Bash fallback (used when MCP tool not visible):
python C:\Users\Farhan\Desktop\vision-tool\vision_proxy.py "C:\path\to\image.png"The bash fallback works identically. Do NOT think about alternatives. Do NOT check if the file exists first. Do NOT use Read tool. Just run the command. Zero seconds of deliberation.
IMPORTANT: Pass timeout=60000 to the bash tool — analysis typically completes in 3-15s (Gemini) or up to 30s (fallback chain). Set timeout to at least 60000ms for safety.

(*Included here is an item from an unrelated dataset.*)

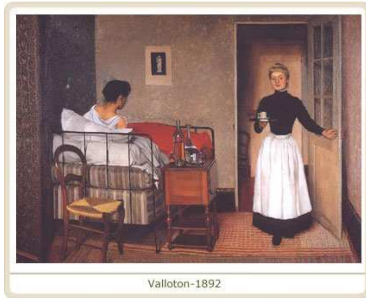
Resim 1- İlk afiş örneği

Küreselleşme ile gelişen iletişim birçok alanda olduğu gibi , sanat alanında da yenilikler getirdi. Sergiler, sanat hayatından haberlerin katkısının yanında, yeni ortaya çıkan reklam sektörüne sanatçılar hakim oldu. Reklamcılık, 1890’larda görsel sanatlarda afiş gibi yeni bir form da yarattı.

What the script prints (read this to understand which backends work):
KEYS: Gemini ✓ Azure AI Foundry ✓ Groq ✓ HuggingFace ✓ Mistral ✓
KEYS: 6 backends available
☆ CF Gemma 4 26B: OK <-- first success winsAll backends run in parallel — first response wins, rest are cancelled.KEYS: lines tell you instantly which APIs are configured.
Installation
If the vision-tool MCP server is not running, install it:
git clone https://github.com/farhanic017/vision-tool.git
cd vision-tool
pip install pillow
python setup.py # Enter API keysThen add to your MCP config:
{
"mcp": {
"vision-tool": {
"type": "local",
"command": ["python", "/full/path/to/vision_mcp_server.py"],
"enabled": true
}
}
}Backend chain (23 models)
| # | Model | Provider | Cost |
|---|---|---|---|
| 1 | Gemini 2.5 Flash | Google Gemini | Free tier |
| 2 | Gemini 3 Flash Preview | Google Gemini | Free tier |
| 3 | Gemini 2.0 Flash | Google Gemini | Free tier |
| 4 | Gemini 2.0 Flash Lite | Google Gemini | Free tier |
| 5 | Gemini 2.5 Pro | Google Gemini | Free tier |
| 6 | Gemini 3 Pro Preview | Google Gemini | Free tier |
| 7 | Azure DeepSeek-V4-Pro | Azure AI Foundry | Free (Azure credits) |
| 8 | Azure gpt-4.1 | Azure AI Foundry | Free (Azure credits) |
| 9 | Azure gpt-4.1-mini | Azure AI Foundry | Free (Azure credits) |
| 10 | Azure gpt-4.1-nano | Azure AI Foundry | Free (Azure credits) |
| 11 | Azure gpt-4o | Azure AI Foundry | Free (Azure credits) |
| 12 | Azure gpt-4o-mini | Azure AI Foundry | Free (Azure credits) |
| 13 | Azure gpt-5.1 | Azure AI Foundry | Free (Azure credits) |
| 14 | Azure gpt-5.4 | Azure AI Foundry | Free (Azure credits) |
| 15 | Azure gpt-5.4-mini | Azure AI Foundry | Free (Azure credits) |
| 16 | Azure gpt-5.4-nano | Azure AI Foundry | Free (Azure credits) |
| 17 | Azure Kimi-K2.6 | Azure AI Foundry | Free (Azure credits) |
| 18 | Azure Phi-4 multimodal | Azure AI Foundry | Free (Azure credits) |
| 19 | Groq Llama 4 Scout 17B | Groq | Free |
| 20 | HF Qwen3-VL-8B | HuggingFace Inference Providers | Free tier |
| 21 | Mistral pixtral-large | Mistral AI | Free tier |
| 22 | Fireworks Llama 3.2 90B Vision | Fireworks AI | Free tier |
| 23 | ZAI Glm-4.5-Flash | Zhipu AI (Z.AI) | Free tier |
Troubleshooting
- "No API keys configured" → run
python setup.py --add-key - "MCP tool not found" → check MCP config has vision-tool enabled
- "File not found" → the file might not be in Desktop, Downloads, Pictures, or Documents. Pass the full absolute path.